An H2O2-resistant variant (OC14) of the HA1 Chinese hamster fibroblast cell line, which demonstrates cross resistance to 95% O2 and a 2-fold increase in total glutathione content, was utilized to investigate mechanisms responsible for cellular resistance to H2O2- and O2-toxicity. OC14 and HA1 cells were pretreated with buthionine sulfoximine (BSO) to deplete total cellular glutathione. Following BSO pretreatment, cells were either placed in 250 microM BSO to maintain the glutathione depleted condition and challenged with 95% O2, or challenged with hydrogen peroxide in the absence of BSO. Total glutathione and the activities of CuZn superoxide dismutase, Mn superoxide dismutase, catalase, glutathione peroxidase, and glutathione transferase were evaluated immediately following the BSO pretreatment as well as following 39 to 42 hr of exposure to 250 microM BSO. BSO treatment did not cause significant decreases in any cellular antioxidant tested, except total glutathione. Glutathione depletion resulted in significant (P < 0.05) sensitization to O2-toxicity and H2O2-toxicity in both cell lines at every time point tested. However, glutathione depletion did not completely abolish the resistance to either O2- or H2O2-toxicity demonstrated by OC14 cells, relative to HA1 cells. Also, glutathione depletion did not effect the ability of OC14 cells to metabolize extracellular H2O2. These data indicate that glutathione dependent processes significantly contribute to cellular resistance to acute H2O2- and O2-toxicity, but are not the only determinants of resistance in cell lines. The contribution of aldehydes formed by lipid peroxidation in mechanisms involved with the sensitization to O2-toxicity in glutathione depleted cells was tested by measuring the lipid peroxidation byproduct, 4-hydroxy-2-nonenal (4HNE), bound in Schiff-base linkages or in its free form in cell homogenates at 49 hr of 95% O2-exposure. No significant increase in 4HNE was detected in glutathione depleted cells relative to glutathione competent cells, indicating that glutathione depletion does not sensitize these cells to O2-toxicity by altering the intracellular accumulation of free or Schiff-base bound 4HNE.

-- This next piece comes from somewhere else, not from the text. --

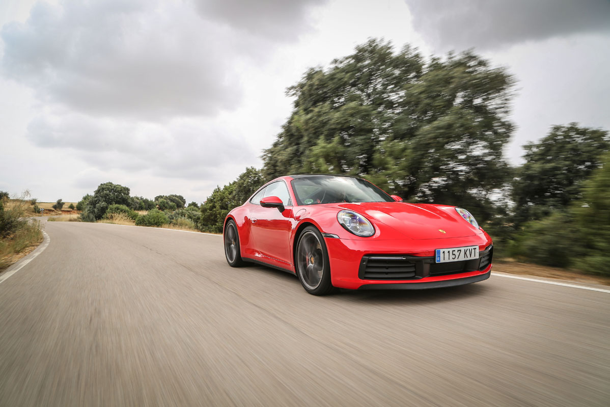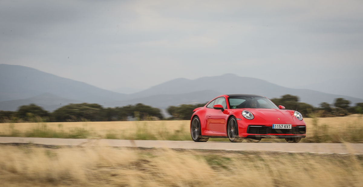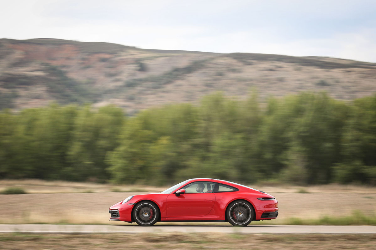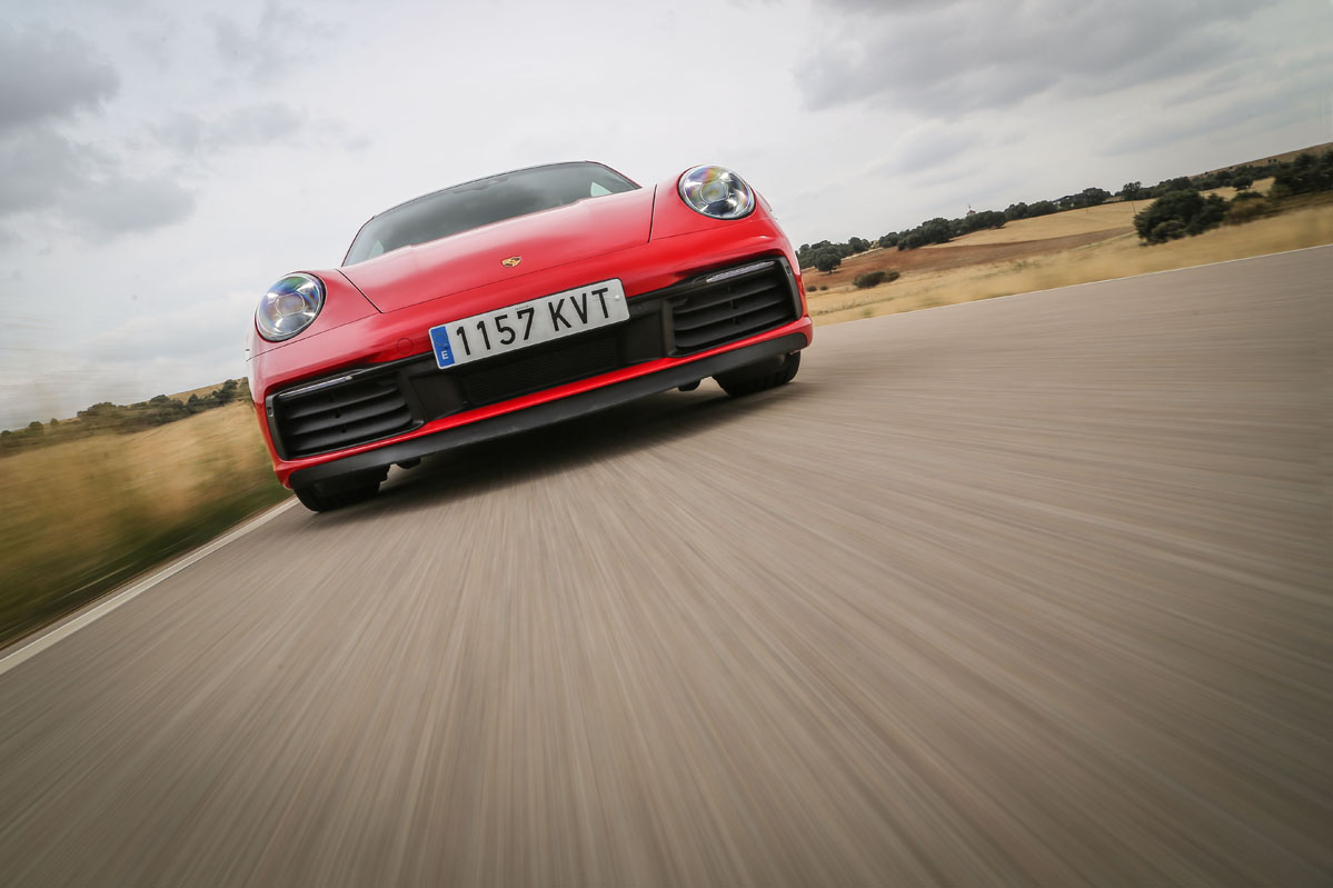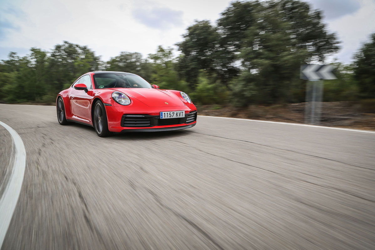 Es hora de conocer su interior. Me tiro al asiento, dejo la puerta abierta con toda la intención del mundo y mi mano izquierda gira el mando que por primera vez en un 911 sustituye a la llave. No hay sonido tan característico como el de un Porsche -quizá mi percepción cambie cuando pruebe el Taycan-. Ese gorgoteo de su motor bóxer es música para mis oídos... y para mis vecinos. Mientras los pistones trabajan de forma horizontal, mis ojos y mis manos repasan el interior. La compañía alemana ha sabido cómo modernizarlo. Lineas horizontales, perfectos ajustes y excelentes materiales, a excepción del plástico de los brazos del volante, que lo veo algo pobre. Las molduras de fibra de carbono que recubren la parte media del salpicadero hacen que gane muchos más enteros respecto a las de plástico gris oscuro que equipaba el Porsche 911 992 S Cabriolet que probé en la presentación internacional y que no me dejaron un buen sabor de boca. Sí lo ha vuelto a hacer el cuadro de instrumentos, que integra dos pantallas de 7 pulgadas que simulan las clásicas esferas del 911, con el cuentarrevoluciones analógico, bien grande, en el centro. También la enorme pantalla táctil de 10,9 pulgadas del PCM que sorprende por su magnífica resolución. Asimismo, la consola central también aúna lo clásico, representado por botones analógicos, con lo más moderno, ejecutado mediante un panel táctil. En él se sitúa la palanca del cambio PDK, que ha visto como se ha reducido en tamaño a la vez que ha perdido en atractivo. Mis manos agarran el aro para confirmar que tiene un diámetro -360 milímetros- y un grosor perfecto. ¡Chapó!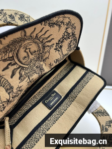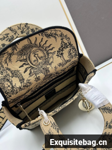 The Lady D-Lite bag captures the House"s vision of classic elegance and modernity. It is fully embroidered with the season"s signature Toile de Jouy Soleil motif in beige and black, offering a new take on the iconic House pattern with suns and crescent moons layered into a floral design representing the four seasons. The pale gold-finish metal D.I.O.R. charms embellish and illuminate the silhouette. Featuring a wide, removable embroidered shoulder strap, the medium Lady D-Lite bag can be carried by hand or worn crossbody.

机译:一个(OC14) HA1 H2O2-resistant变体中国仓鼠纤维母细胞细胞系展示了交叉95% O2和阻力总谷胱甘肽含量增加2倍,利用调查的责任机制细胞抗过氧化氢和O2-toxicity。OC14 HA1细胞被使用buthionine sulfoximine (BSO)耗尽细胞谷胱甘肽。细胞被放置在250 microM BSO维持谷胱甘肽耗竭条件和挑战有95% O2或挑战过氧化氢在缺乏BSO。谷胱甘肽和CuZn超氧化物的活动岐化酶、锰超氧化物歧化酶、过氧化氢酶谷胱甘肽过氧化物酶,谷胱甘肽转移酶进行评估之后BSO预处理以及后39250 microM BSO 42小时的接触。治疗没有造成显著的减少任何细胞抗氧化测试,除了总谷胱甘肽。显著(P < 0.05)敏化O2-toxicity和H2O2-toxicity细胞系在每一个时间点测试。消耗不完全废除O2 -或H2O2-toxicity阻力证明了OC14细胞,相对于HA1上细胞。OC14细胞代谢的能力细胞外过氧化氢。谷胱甘肽显著相关的流程导致细胞抗急性过氧化氢-和O2-toxicity,但并不是唯一的决定因素的抵抗细胞系。醛脂质形成的贡献过氧化反应的机制敏化O2-toxicity谷胱甘肽耗尽电池测试通过测量脂质过氧化反应副产品,4-hydroxy-2-nonenal在席夫碱(4 hne),联系或在它49岁自由形式在细胞匀浆95%的人力资源O2-exposure。在谷胱甘肽耗竭发现细胞相对谷胱甘肽有能力的细胞,这表明谷胱甘肽耗竭不进行宣传通过改变细胞O2-toxicity细胞内积累的免费或席夫碱绑定4 hne。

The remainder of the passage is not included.